(Given information begins)

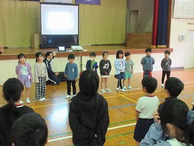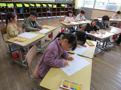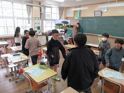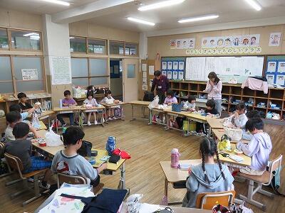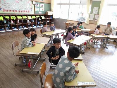 昨年度は、昼休みに希望する子どもたちが集まって活動していました。本年度は、全ての子どもたちに交流をさせたいと考え、授業の中に組み入れることにしました。
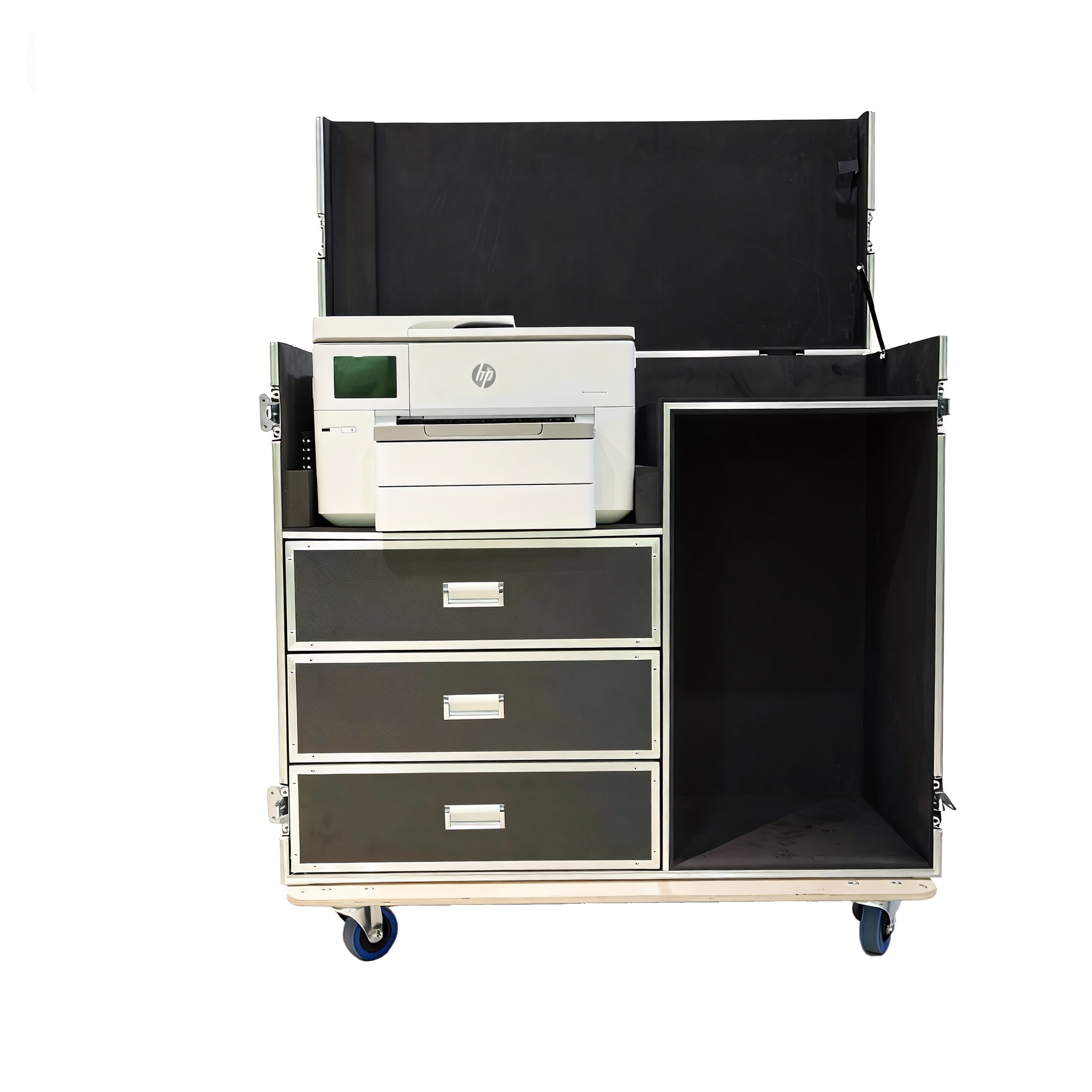 这款保姆级航空箱采用 9MM/12MM 黑色皮纹板,厚实铝包边和PENN五金件结为一体的材质打造而成,箱体坚固耐冲击,同时保持轻量化设计。外观采用简约流线造型,纯色哑光表面搭配精致倒角,低调中彰显专业格调,360度贴合保护设备,防震抗压性能卓越,箱内大容量多层收纳空间可集办公用品与茶饮等物品放置,配备临时性可收纳桌子,桌子稳固承重能力强。边缘加装密封胶条,有效防尘防水;搭配蝴蝶锁扣,移动稳固更省力,适配演出使用场景。
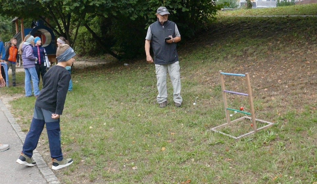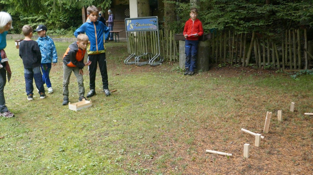 Am Ferienprogramm der Stadt Amberg beteiligte sich auch in diesem Jahr die Sektion Amberg des Bayerischen Wald-Vereins. Für die Kategorie "Natur" waren 14 Kinder im Alter von 6 bis 10 Jahren zu einer abenteuerlichen Wanderung eingeladen. Unter der Leitung von Karlheinz Cislaghi fand der erste Parcours am Spielplatz in der Eglseerstraße statt, mit einem Hindernislauf, der Geschicklichkeit und Schnelligkeit verlangte. Bei noch leichtem Morgennebel und kühlen Temperaturen verlief die Wanderung dann auf dem Erzweg über Wiesen, durch Wald und Feld zu den einzelnen Stationen. Da gab es Hufeisenwerfen, Kegeln, ein Stadt-Land-Fluss-Ratespiel, oder Bälle mit dem Kescher fangen. Ein imaginärer Fluss war mit Hilfe von Bierkästen zu überqueren, und auf Fluss-Steinen wurde balanciert. Auch sollten Tennisbälle in vorgesehene Mulden treffen. Die erste Etappe endete nach ca. 3 Kilometern am Karlschacht. Mit Unterstützung des Wander- und Volkssportvereins konnten die kleinen Teilnehmer dann mit großem Hallo auf diesem Gelände einlaufen. Hier mussten noch letzte sportliche Aufgaben bewältigt werden, wie Dartspiele, Sackwerfen, und ein Slalomlauf. Dann gab es aber eine wirklich verdiente Stärkung mit Bratwurstsemmeln und Getränken. Alle Kinder hatten vollen Einsatz gezeigt und freudig um Punkte gekämpft.

(Given information ends)

All that's required is the material above repeated exactly, minus any picture.

▶ Finished exercise
 昨年度は、昼休みに希望する子どもたちが集まって活動していました。本年度は、全ての子どもたちに交流をさせたいと考え、授業の中に組み入れることにしました。
 这款保姆级航空箱采用 9MM/12MM 黑色皮纹板,厚实铝包边和PENN五金件结为一体的材质打造而成,箱体坚固耐冲击,同时保持轻量化设计。外观采用简约流线造型,纯色哑光表面搭配精致倒角,低调中彰显专业格调,360度贴合保护设备,防震抗压性能卓越,箱内大容量多层收纳空间可集办公用品与茶饮等物品放置,配备临时性可收纳桌子,桌子稳固承重能力强。边缘加装密封胶条,有效防尘防水;搭配蝴蝶锁扣,移动稳固更省力,适配演出使用场景。
 Am Ferienprogramm der Stadt Amberg beteiligte sich auch in diesem Jahr die Sektion Amberg des Bayerischen Wald-Vereins. Für die Kategorie "Natur" waren 14 Kinder im Alter von 6 bis 10 Jahren zu einer abenteuerlichen Wanderung eingeladen. Unter der Leitung von Karlheinz Cislaghi fand der erste Parcours am Spielplatz in der Eglseerstraße statt, mit einem Hindernislauf, der Geschicklichkeit und Schnelligkeit verlangte. Bei noch leichtem Morgennebel und kühlen Temperaturen verlief die Wanderung dann auf dem Erzweg über Wiesen, durch Wald und Feld zu den einzelnen Stationen. Da gab es Hufeisenwerfen, Kegeln, ein Stadt-Land-Fluss-Ratespiel, oder Bälle mit dem Kescher fangen. Ein imaginärer Fluss war mit Hilfe von Bierkästen zu überqueren, und auf Fluss-Steinen wurde balanciert. Auch sollten Tennisbälle in vorgesehene Mulden treffen. Die erste Etappe endete nach ca. 3 Kilometern am Karlschacht. Mit Unterstützung des Wander- und Volkssportvereins konnten die kleinen Teilnehmer dann mit großem Hallo auf diesem Gelände einlaufen. Hier mussten noch letzte sportliche Aufgaben bewältigt werden, wie Dartspiele, Sackwerfen, und ein Slalomlauf. Dann gab es aber eine wirklich verdiente Stärkung mit Bratwurstsemmeln und Getränken. Alle Kinder hatten vollen Einsatz gezeigt und freudig um Punkte gekämpft.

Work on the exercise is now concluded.